(Records from a data source)
◇ ◇ ◇

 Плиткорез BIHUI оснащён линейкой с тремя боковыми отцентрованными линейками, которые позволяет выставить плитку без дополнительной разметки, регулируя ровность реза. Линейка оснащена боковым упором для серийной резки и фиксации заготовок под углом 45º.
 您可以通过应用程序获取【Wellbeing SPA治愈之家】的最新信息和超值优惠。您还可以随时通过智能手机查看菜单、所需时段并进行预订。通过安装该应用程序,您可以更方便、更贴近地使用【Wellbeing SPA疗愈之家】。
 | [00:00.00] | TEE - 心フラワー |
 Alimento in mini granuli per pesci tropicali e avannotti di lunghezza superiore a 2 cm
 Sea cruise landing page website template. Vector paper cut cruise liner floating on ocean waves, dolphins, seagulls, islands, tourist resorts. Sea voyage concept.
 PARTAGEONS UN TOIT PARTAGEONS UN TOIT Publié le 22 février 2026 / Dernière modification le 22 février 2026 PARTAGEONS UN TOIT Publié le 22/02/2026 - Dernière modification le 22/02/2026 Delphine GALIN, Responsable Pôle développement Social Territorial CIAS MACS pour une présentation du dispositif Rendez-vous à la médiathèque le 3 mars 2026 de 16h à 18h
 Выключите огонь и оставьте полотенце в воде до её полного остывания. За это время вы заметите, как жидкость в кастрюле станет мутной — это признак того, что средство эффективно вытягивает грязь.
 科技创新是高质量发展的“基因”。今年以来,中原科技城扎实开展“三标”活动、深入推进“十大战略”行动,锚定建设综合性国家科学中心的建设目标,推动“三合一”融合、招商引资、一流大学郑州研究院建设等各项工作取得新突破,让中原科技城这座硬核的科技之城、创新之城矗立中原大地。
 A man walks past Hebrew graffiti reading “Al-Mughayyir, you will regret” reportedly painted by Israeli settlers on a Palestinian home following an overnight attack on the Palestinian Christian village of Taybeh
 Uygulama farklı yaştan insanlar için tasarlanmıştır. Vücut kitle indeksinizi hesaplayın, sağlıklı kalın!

◇ ◇ ◇

=== Task statement ===
Set every entry down verbatim.

=== Response area ===
 Плиткорез BIHUI оснащён линейкой с тремя боковыми отцентрованными линейками, которые позволяет выставить плитку без дополнительной разметки, регулируя ровность реза. Линейка оснащена боковым упором для серийной резки и фиксации заготовок под углом 45º.
 您可以通过应用程序获取【Wellbeing SPA治愈之家】的最新信息和超值优惠。您还可以随时通过智能手机查看菜单、所需时段并进行预订。通过安装该应用程序,您可以更方便、更贴近地使用【Wellbeing SPA疗愈之家】。
 | [00:00.00] | TEE - 心フラワー |
 Alimento in mini granuli per pesci tropicali e avannotti di lunghezza superiore a 2 cm
 Sea cruise landing page website template. Vector paper cut cruise liner floating on ocean waves, dolphins, seagulls, islands, tourist resorts. Sea voyage concept.
 PARTAGEONS UN TOIT PARTAGEONS UN TOIT Publié le 22 février 2026 / Dernière modification le 22 février 2026 PARTAGEONS UN TOIT Publié le 22/02/2026 - Dernière modification le 22/02/2026 Delphine GALIN, Responsable Pôle développement Social Territorial CIAS MACS pour une présentation du dispositif Rendez-vous à la médiathèque le 3 mars 2026 de 16h à 18h
 Выключите огонь и оставьте полотенце в воде до её полного остывания. За это время вы заметите, как жидкость в кастрюле станет мутной — это признак того, что средство эффективно вытягивает грязь.
 科技创新是高质量发展的“基因”。今年以来,中原科技城扎实开展“三标”活动、深入推进“十大战略”行动,锚定建设综合性国家科学中心的建设目标,推动“三合一”融合、招商引资、一流大学郑州研究院建设等各项工作取得新突破,让中原科技城这座硬核的科技之城、创新之城矗立中原大地。
 A man walks past Hebrew graffiti reading “Al-Mughayyir, you will regret” reportedly painted by Israeli settlers on a Palestinian home following an overnight attack on the Palestinian Christian village of Taybeh
 Uygulama farklı yaştan insanlar için tasarlanmıştır. Vücut kitle indeksinizi hesaplayın, sağlıklı kalın!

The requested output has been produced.